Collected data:
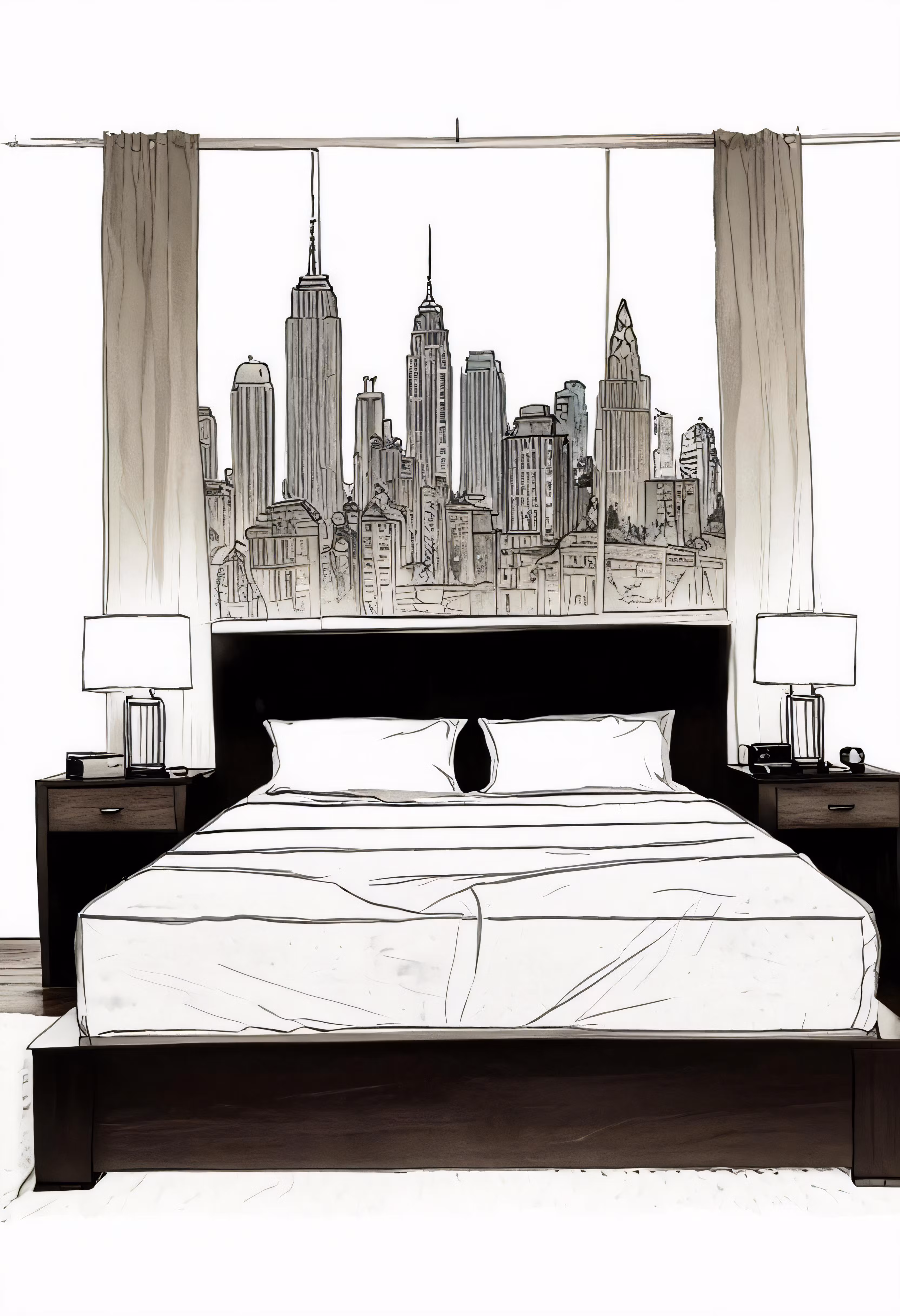 High resolution picture, free to use, the bed is in front of a window with cityscape on it
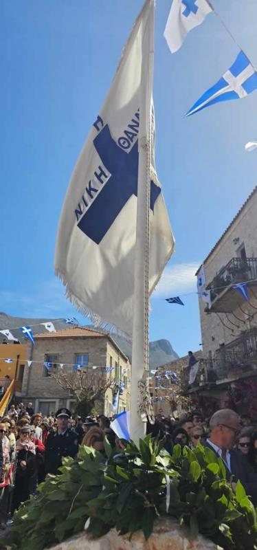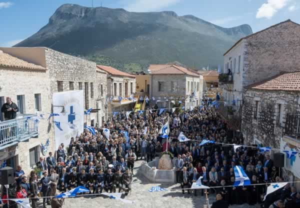 κωδωνοκρουσίες των εκκλησιών της Αρεόπολης. Ακολούθησε έπαρση της σημαίας στην
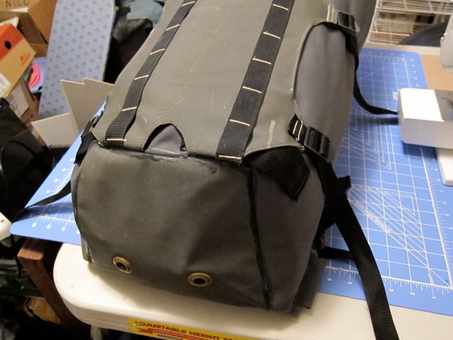 I also narrowed the bottom very slightly in both width and depth, and made the top a bit taller and wider. The mounting point of the bottom compression straps got moved upwards slightly, and I sewed the side seams outside, rather than in. This last was a concession to ease of sewing but more acutely an experiment that will give the frameless pack a bit more natural structure. Around the house tests will 25 lbs of climbing gear feel great.
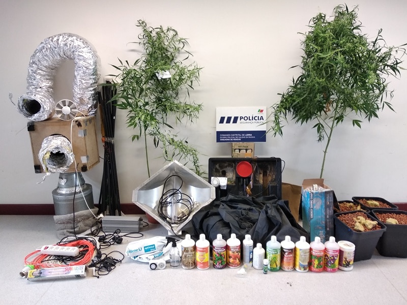 Foram apreendidos duas plantas de cannabis com cerca de metro de meio de comprimento, vários fertilizantes e diverso material utilizado na constituição de uma estufa de cultivo, que se encontrava instalada num dos quartos da habitação.
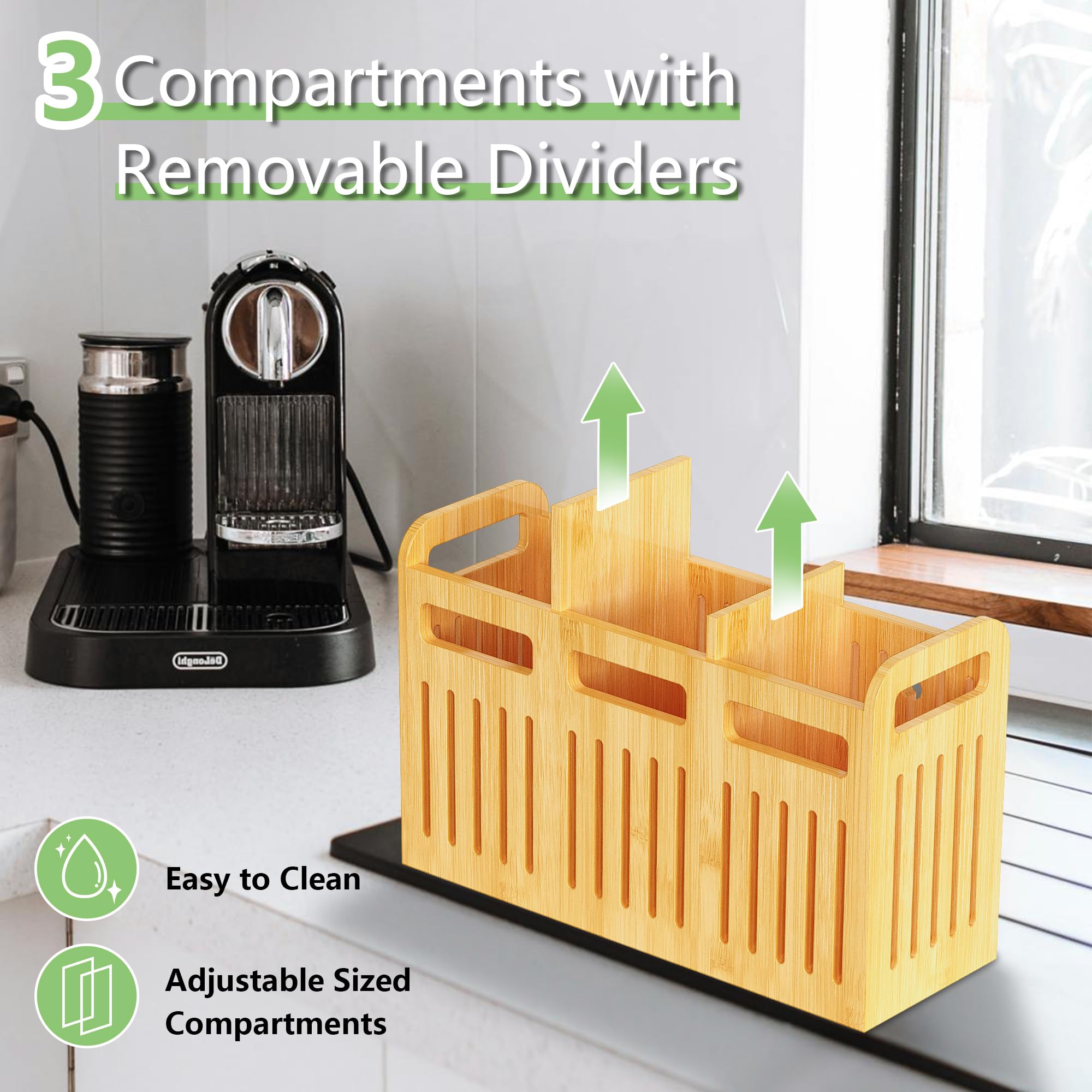 Customizable Compartments: The utensil holder includes 3 compartments with 2 removable dividers, allowing you to customize the layout to suit your utensils. This flexibility ensures everything has its place, while the removable dividers make cleaning easy and maintain hygiene.

GOAL OF THE EXERCISE:
Transcribe each record above exactly, leaving every picture out of the copy.

FINAL ANSWER:
 High resolution picture, free to use, the bed is in front of a window with cityscape on it
 κωδωνοκρουσίες των εκκλησιών της Αρεόπολης. Ακολούθησε έπαρση της σημαίας στην
 I also narrowed the bottom very slightly in both width and depth, and made the top a bit taller and wider. The mounting point of the bottom compression straps got moved upwards slightly, and I sewed the side seams outside, rather than in. This last was a concession to ease of sewing but more acutely an experiment that will give the frameless pack a bit more natural structure. Around the house tests will 25 lbs of climbing gear feel great.
 Foram apreendidos duas plantas de cannabis com cerca de metro de meio de comprimento, vários fertilizantes e diverso material utilizado na constituição de uma estufa de cultivo, que se encontrava instalada num dos quartos da habitação.
 Customizable Compartments: The utensil holder includes 3 compartments with 2 removable dividers, allowing you to customize the layout to suit your utensils. This flexibility ensures everything has its place, while the removable dividers make cleaning easy and maintain hygiene.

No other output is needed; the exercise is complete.